On Mobile – where a third of PayPal’s business comes from today (and they expect a majority could come from in the future) – PayPal has extended OneTouch payments to being part of the mobile web commerce experience (as opposed to in app only). In the physical store, PayPal remains focused on “replacing physical experiences with digital ones” to further blur and remove the line Schulman referred to in his speech.  PayPal will also be leveraging its acquisition of Paydiant to help more retailers build their own commerce apps that engage the consumer in store, on the way to the store and even after they have left.

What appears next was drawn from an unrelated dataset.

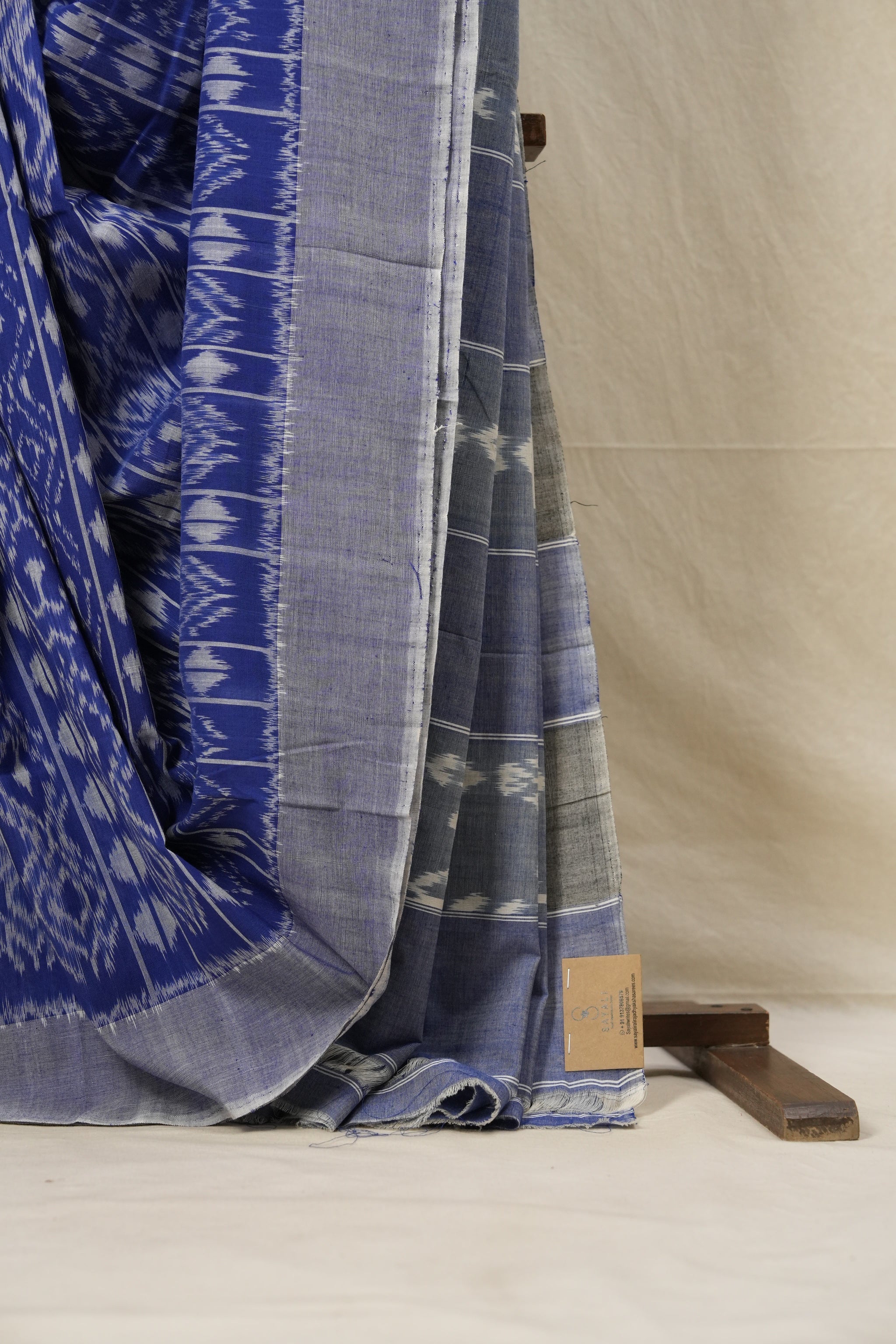 Work - This is a Pochampalli Cotton Ikat saree with blue color body, complemented by an ikat patterned border and pallu.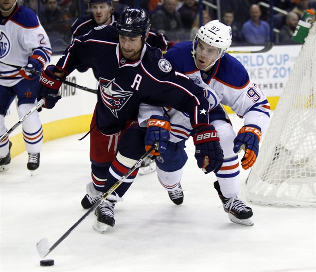 The Jackets jumped in front at 1:54 of the first period when Brandon Dubinsky picked up a deflected puck and backhanded it through the legs of Oilers defenceman Darnell Nurse to Atkinson for his 21st goal of the season.

Finally, PayPal will be ramping up its international efforts with a continued focus on cross border, particularly in China.

“PayPal China Connect, which will link Chinese consumers directly with our network of global merchants,” PayPal noted on its blog.  “We are also announcing a new collaboration with UnionPay International to provide Chinese cross-border shoppers with a more robust lineup of global merchants on the UnionPay Shop The World website, and fewer steps to complete their transactions via UnionPay Online Payments.”

Schulman and PayPal’s ambition appears grounded in the investments in innovation that PayPal has made over the last 16 years of its existence. The Payments Innovation Index, Pii360, the only objective and quantifiable ranking of payments innovation, ranked PayPal in the Top 10, ahead of Google, Discover and Alibaba.

“We have over 16,000 people in the company [and] the only thing we focus on is digital and mobile payments. That’s it. We’re not doing this for anything else, we’re doing this to be the best digital payments platform in the world.”